I shake my head. So, questions are not going to be met with straight answers. I could ask a hundred, all the ones that are pinging around in my head, and get a hundred evasive answers. Or I could just ask one. The right one.
“So, what happens next?”
He lets the drape fall back and the room goes back to a deep blue dark. It’s got to be past ten o clock. My father should be back any minute.
Jones walks towards me and in a flash, I’m pushed back on the bed. He pulls a skinny rope from his pocket and my hands are tied to the headboard.
“In a second, your father gets home. I incapacitate him and then you. And then I take you to the man who paid me to find you.”
“Esposito,” I whisper and Jones’s head snaps around to stare at me. For the first time, my blood runs cold with fear. It clouds my vision for a second, but I force it back. Fear makes people do stupid things. I’m not stupid. I’m smart. I have two Ph.D.s for fuck sakes. I can’t overpower Jones, or whatever his name is, especially not while I’m tied to this bed. But I can figure a way out. “You work for Esposito,” I say, trying to keep my voice as calm as possible.

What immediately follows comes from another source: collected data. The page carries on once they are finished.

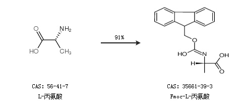 2.通過L-丙氨酸合成Fmoc-L-丙氨酸,收率約91%;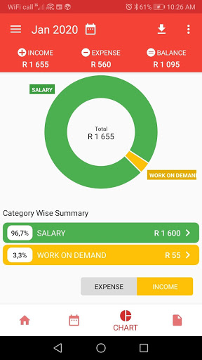 Tracking all your expenses and incomes so as to put you on the path to financial stability and Tracking expenses and incomes by week, month and year as well as by categories.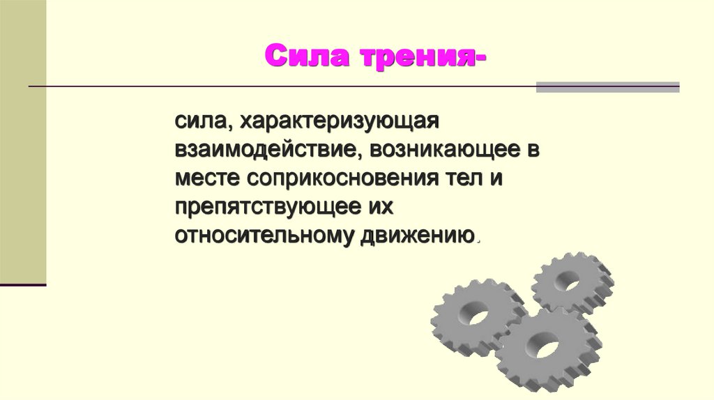 Сила трениясила, характеризующаявзаимодействие, возникающее в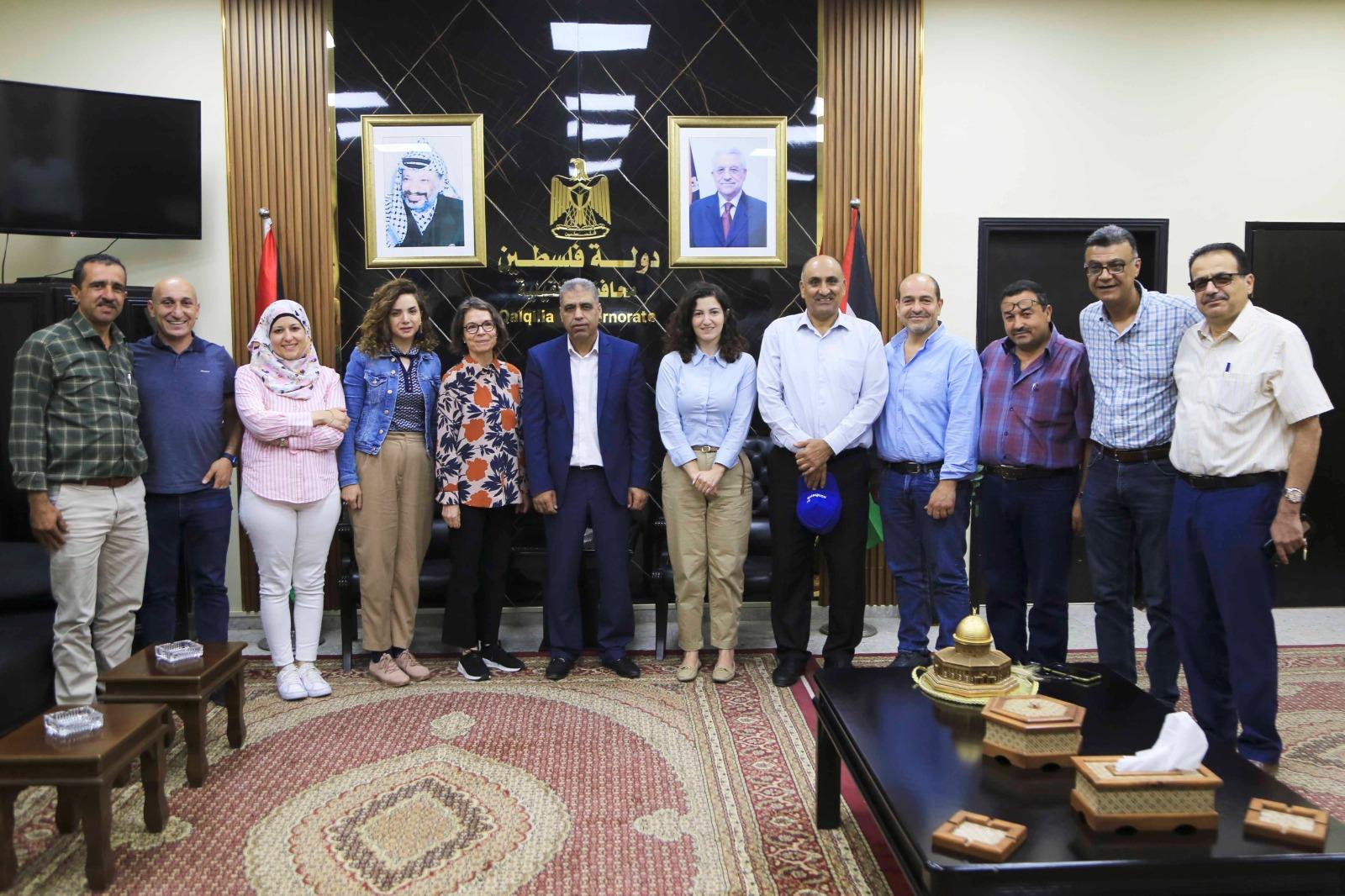 وخلال اللقاء، شكر المحافظ الوفد على الزيارة واهتمامه بمحافظة قلقيلية، وقدم شرحا عن محافظة قلقيلية التي تعاني ظروفا استثنائية نتيجة للجدار والاستعمار وإجراءات الاحتلال اليومية بحق المواطنين، مؤكدا أهمية دعم المشروعات الزراعية في المحافظة، لتعزيز صمود المواطنين وتمكينهم من زراعة أرضهم واستثمارها على أكمل وجه، وتطرق إلى الانعكاسات الإيجابية لمشروع "ترابط" على القطاع الزراعي في هذه المنطقة الزراعية الهامة التي تقع خلف الجدار.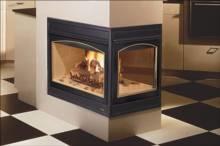 Left- or right-facing two-sided corner configuration provides an exquisite, active fire and heat-circulating coziness.

He shrugs and pulls the chair out from the desk. “What can I say? Great health benefits and a killer 401k plan.”
“He must want us alive. Which is why you incapacitated the cousins,” I nod my head toward my room.
He neither confirms or denies.
“So you won’t kill me.”
Again, he gives me no indication either direction.
“But you might hurt me.”
Something flashes across his face. Heat. And something else. Regret, maybe? Hmm. I interpret that to mean that he doesn’t want to hurt me. But he will if he has to. Alright. I have to go for broke here.

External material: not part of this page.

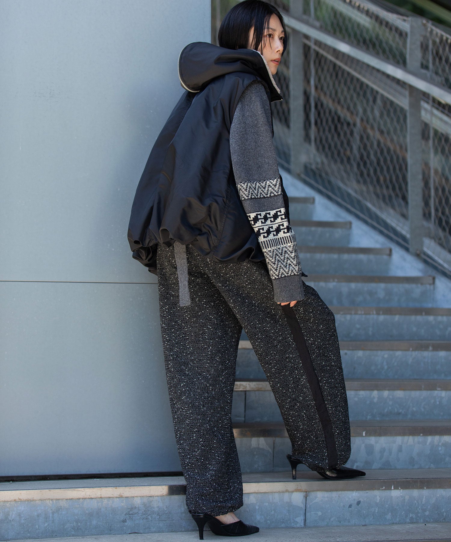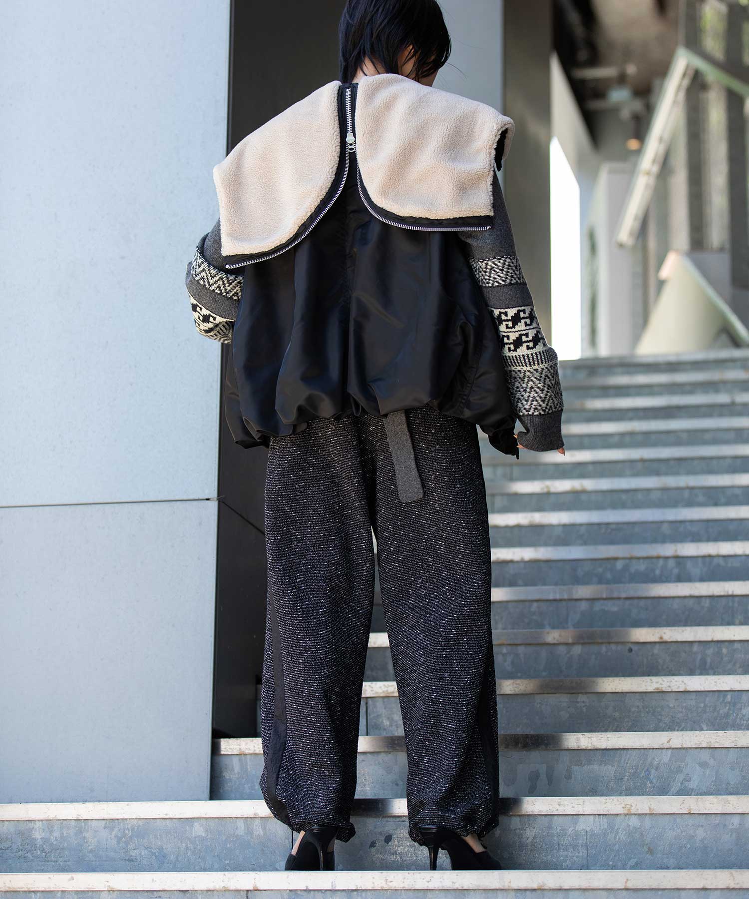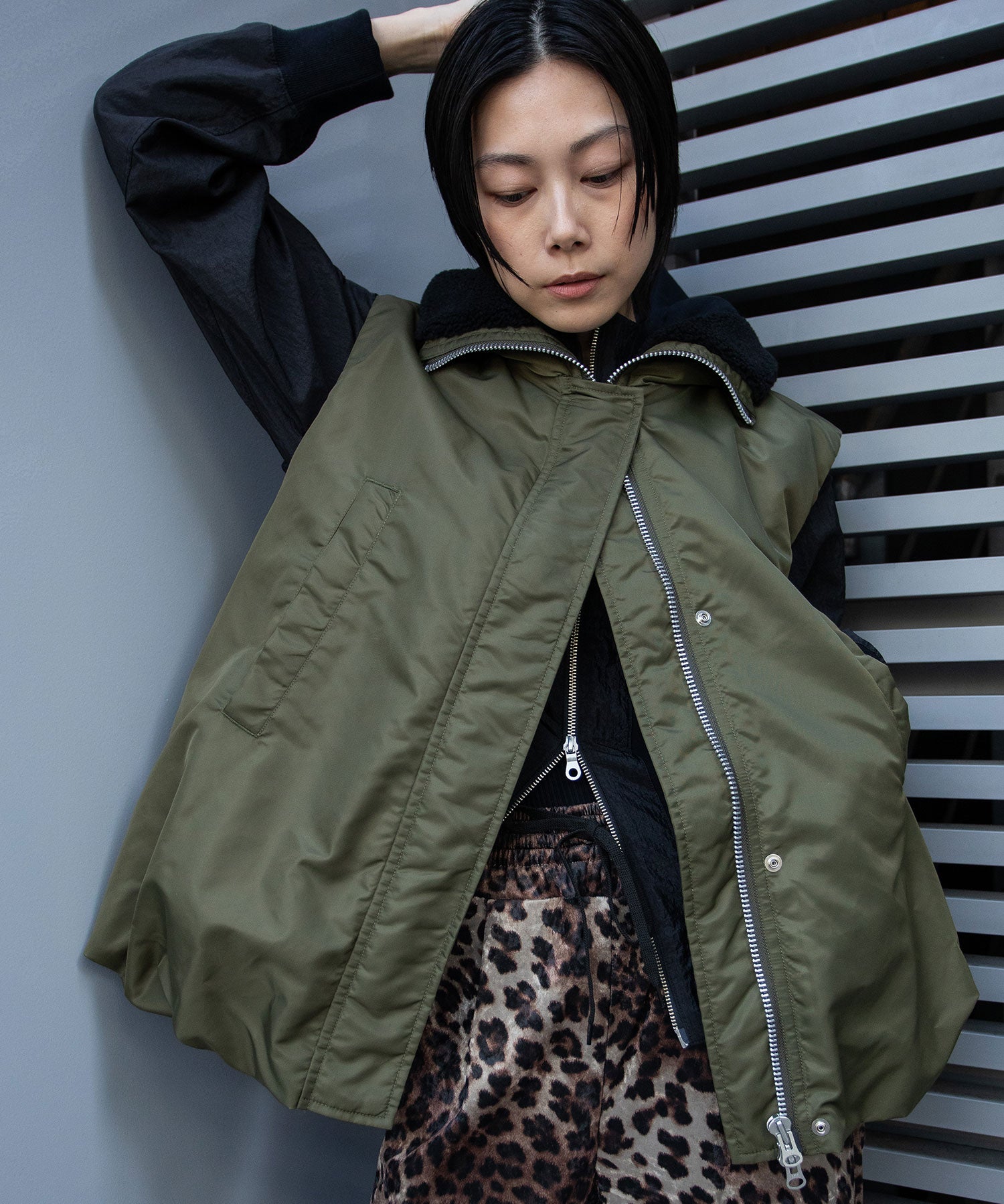 N-2BやN-3Bなどのフライトジャケットをデザインのベースにしたベストで、コールゴムギャザーとタックによるバルーンヘムでシルエットにアクセントを加えました。

“I’m not going to beg. Or offer money. I’m sure you hear that from every person you… find for Esposito. But I’m going to tell you two things.”
He shifts in the chair and a moment of curiosity holds in his eyes before he shutters them again.
“My father is a brilliant man. And
he’s searched almost his entire life for something we are a hair’s width from finding. What we’re digging for at that site. It’s important. I can’t tell you what it is. But it is deeply important. And if you take us away, grave robbers will come. And they’ll strip the site of every artifact.”
He looks bored. Fine. He doesn’t care about history. I’ll have to tell him the whole story.
“If you know Esposito, you know he’s a lover of historical artifacts. He offered to fund this trip. And before I could talk my father out of it, he’d taken the money. But it’s been too long. Esposito’s grown impatient. And besides, he found something he wanted even more than what we’re searching for.”